• Problem description: Ignoring every picture, return the lines of the listing below word for word, from the line that holds "生物质热解是将木质纤维素类原" through the line that holds "Riesgo de Tipo".

• Information shown:
+ + + + + + +

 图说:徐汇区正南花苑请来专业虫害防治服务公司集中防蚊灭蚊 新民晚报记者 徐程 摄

+ + + + + + +

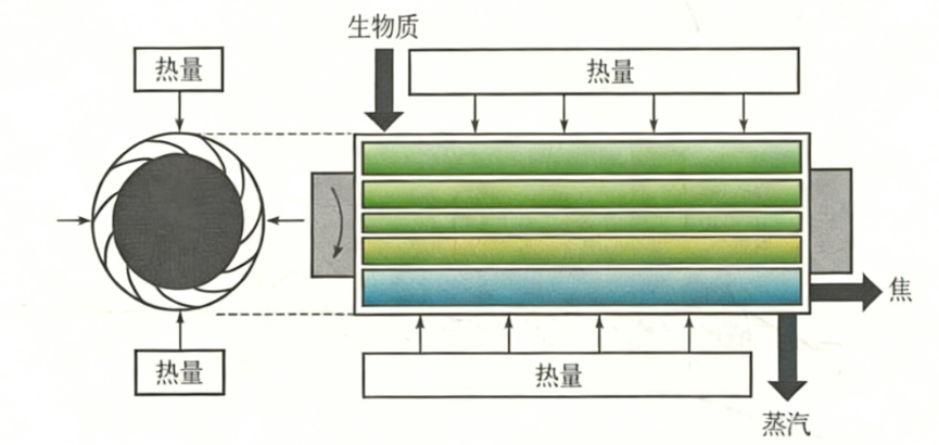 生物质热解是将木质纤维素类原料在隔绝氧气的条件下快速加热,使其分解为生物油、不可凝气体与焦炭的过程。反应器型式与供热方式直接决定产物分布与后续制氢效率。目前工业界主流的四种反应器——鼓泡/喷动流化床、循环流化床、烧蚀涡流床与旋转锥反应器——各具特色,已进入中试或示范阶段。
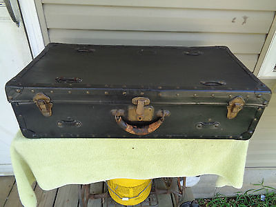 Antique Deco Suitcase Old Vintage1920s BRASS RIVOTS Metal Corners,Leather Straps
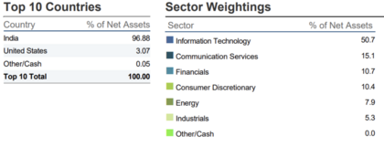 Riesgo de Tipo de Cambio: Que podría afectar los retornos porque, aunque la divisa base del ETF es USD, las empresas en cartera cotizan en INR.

+ + + + + + +

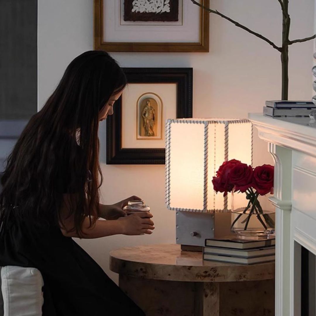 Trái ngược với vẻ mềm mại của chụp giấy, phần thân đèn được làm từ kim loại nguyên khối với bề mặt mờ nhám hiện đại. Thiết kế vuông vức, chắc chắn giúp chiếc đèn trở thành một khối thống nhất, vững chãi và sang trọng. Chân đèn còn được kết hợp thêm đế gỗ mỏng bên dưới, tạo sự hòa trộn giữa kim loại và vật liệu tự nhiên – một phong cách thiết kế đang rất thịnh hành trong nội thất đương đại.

+ + + + + + +

• Finished task:
 生物质热解是将木质纤维素类原料在隔绝氧气的条件下快速加热,使其分解为生物油、不可凝气体与焦炭的过程。反应器型式与供热方式直接决定产物分布与后续制氢效率。目前工业界主流的四种反应器——鼓泡/喷动流化床、循环流化床、烧蚀涡流床与旋转锥反应器——各具特色,已进入中试或示范阶段。
 Antique Deco Suitcase Old Vintage1920s BRASS RIVOTS Metal Corners,Leather Straps
 Riesgo de Tipo de Cambio: Que podría afectar los retornos porque, aunque la divisa base del ETF es USD, las empresas en cartera cotizan en INR.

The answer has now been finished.